Could there be a better solution? Burkhard Hess has proposed to simply apply the lex fori (either at the publisher’s domicile or at the victim’s habitual residence) to violations of personality rights and to discard the mosaic principle completely (Juristenzeitung 2012, p. 189, 192 et seq.). This approach certainly has the appeal of simplicity and procedural economy. Hess himself is ready to admit, however, that his proposal would lead to a dubious discrimination of third-state victims, who would be limited to the publisher’s law to recover their damages from an EU tortfeasor. Thus, the concept of a loi uniforme would be sacrificed. The German Council for Private International Law, on the other hand, has proposed to use the victim’s habitual residence as a general and single criterion of attachment (Junker, RIW 2010, p. 257, 259). This again has the virtues of simplicity and clarity.

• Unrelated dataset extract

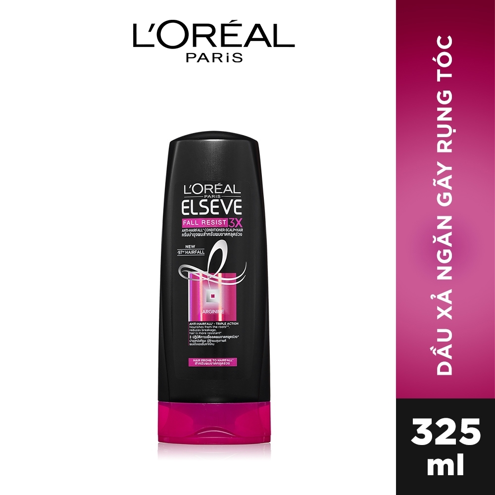 Ngăn gãy rụng chuyên sâu Phục hồi tóc hư tổn Nuôi dưỡng tóc chắc khỏe BỘ SẢN PHẨM GỒM 01x Dầu xả ngăn gãy rụng tóc L’Oreal Paris Elseve Fall Resist 3X Conditioner 325ml 01x Dầu gội ngan gãy rụng tóc L’Oreal Paris Elseve Fall Resist 3X Shampoo 650ml 01x Kem Ủ L’oreal Ngăn Rụng Tóc Fall Repair Mask 3X – 200ml • THÔNG TIN SẢN PHẨM 1. Dầu xả Giúp Ngăn Gãy Rụng Tóc L’oreal Elseve Fall Resist Cung cấp cho tóc các dưỡng chất thiết yếu, ngăn tóc gãy rụng. Sản phẩm đem đến tinh chất Argine nuôi tóc từ gốc rễ, phục hồi cấu trúc tóc, giúp tóc mọc khỏe hơn. Sản phẩm sẽ cho bạn luôn có Dầu Xả Giúp Ngăn Gãy Rụng Tóc L’oreal Elseve Fall Resist Conditioner là dầu gội ngăn tóc gãy rụng, cho mái tóc luôn chắc khỏe từ gốc đến ngọn. 2. Dầu Gội Ngăn Rụng Tóc L’oreal Được tăng cường tinh chất Argine – là một Amino Acid cần thiết giúp tái tạo cấu trúc tóc, mang đến 3 tác động toàn diện cho mái tóc của bạn nhanh chóng khỏe đẹp: – Nuôi dưỡng tóc từ gốc đến ngọn. – Phục hồi cấu trúc sợi tóc. – Kích thích sự phát triển của các sợi tóc con được khỏe mạnh hơn. – Chai lớn có dung tích 330ml với cần đẩy dầu gội tiện dụng 3. Kem Ủ L’oreal Ngăn Rụng Tóc Fall Repair Mask 3X – 200ml Tóc dễ gãy rụng do thiếu các dưỡng chất thiết yếu. Nếu không được nuôi dưỡng tận gốc rễ, tóc khó chống lại các tác động từ môi trường bên ngoài và rất dễ gãy rụng. Đối với tóc rụng, viện nghiên cứu L’Oreal Paris đã phát minh dòng sản phẩm giúp ngăn gãy rụng tóc Fall Repair 3x ba tác động. Bí mật của công nghệ ngăn gãy rụng tóc toàn diện: – Tăng cường với tính chất ARGININE – là axit amino cần thiết cho cấu tạo tóc. – FALL REPAIR 3X của L’oreal giúp ngăn gãy rụng tóc với 3 tác động nuôi dưỡng và hoàn thiện lại cấu tạo từng sợi tóc, giúp phục hồi nhanh chóng và giảm đáng kể lượng tóc gãy rụng. • HƯỚNG DẪN SỬ DỤNG + Dầu gội: Thoa dầu gội lên tóc ướt. Mát-xa nhẹ nhàng từ gốc tới ngọn, sau đó xả sạch tóc với nước. Trong trường hợp dính vào mắt, hãy ngay lập tức rửa sạch + Dầu xả: Sau khi gội đầu, thoa dầu xả lên thân và ngọn tóc, mát-xa nhẹ nhàng rồi xả sạch với nước. Trong trường hợp dính vào mắt, hãy ngay lập tức rửa sạch + Kem ủ: Sử dụng sau bước dầu gội và dầu xã, giữ ẩm vừa phải, cho 1 lượng vừa đủ kem ủ ra lòng bàn tay và mát xa đều lên tóc. Chỉ cần 1 phút với kem ủ dùng định kỳ hàng tuần bạn sẽ cảm nhận mái tóc được phục hồi và chắc khỏe hơn. Xuất xứ thương hiệu: Pháp Nơi sản xuất: Trung Quốc Ngày sản xuất: Xem trên bao bì sản phẩm Hạn sử dụng: 3 năm kể từ ngày sản xuất. • THÔNG TIN THƯƠNG HIỆU Hơn 100 năm thành lập, L’Oréal là tập đoàn chuyên về mỹ phẩm và chăm sóc sắc đẹp lớn nhất thế giới. L’Oréal Paris đã có mặt tại hơn 120 quốc gia với các dòng sản phẩm về chăm sóc tóc, chăm sóc da và trang điểm dành cho đại chúng. Được xây dựng trên nền tảng khoa học, áp dụng những phát minh công nghệ mới nhất, các sản phẩm L’Oréal Paris có chất lượng cao cấp, đa dạng, dễ sử dụng, với mức giá phù hợp cho tất cả mọi người, đáp ứng nhiều nhu cầu làm đẹp. *L’Oréal Paris là nhãn hiệu mỹ phẩm hàng đầu tại Châu Âu được sản xuất tại nhiều nhà máy trên toàn thế giới như Trung Quốc, Mỹ, Indonesia… Dù được sản xuất ở đâu, các sản phẩm đều tuân theo quy trình kiểm soát chất lượng nghiêm ngặt và đồng đều của L’Oréal Toàn Cầu. Các sản phẩm chính hãng đều có tem nhãn tiếng Việt phía sau và nhập khẩu trực tiếp từ công ty TNHH L’Oréal Việt Nam nên các bạn hoàn toàn yên tâm về chất lượng sản phẩm. (*) Chi tiết mẫu mã bao bì sản phẩm thay đổi theo từng đợt nhập hàng.

It has the drawback, however, that it would force the victim to rely on his or her own law even in cases in which the suit is brought in the courts of the defendant’s domicile, thus making more expensive (and slowing down considerably) the passing of an injunction or the recovery of damages in this forum. A compromise solution could consist in returning to Diana Wallis’ draft proposal of 2011 (supra), while at the same time accommodating the basic rationale of the eDate decision in its second paragraph, which would then read as follows:
(2) When the rights of the person seeking compensation for damage are, or are likely to be, affected in more than one country, and that person sues either in the court of the domicile of the defendant or in the court of the plaintiff’s habitual residence, the claimant may instead choose to base his or her claim on the law of the court seised.
Contrary to the eDate decision, however, this rule should apply regardless of the kind of media channel via which the content was distributed. It certainly tilts the scales towards the victim, but this can hardly be avoided after eDate. Comments welcome!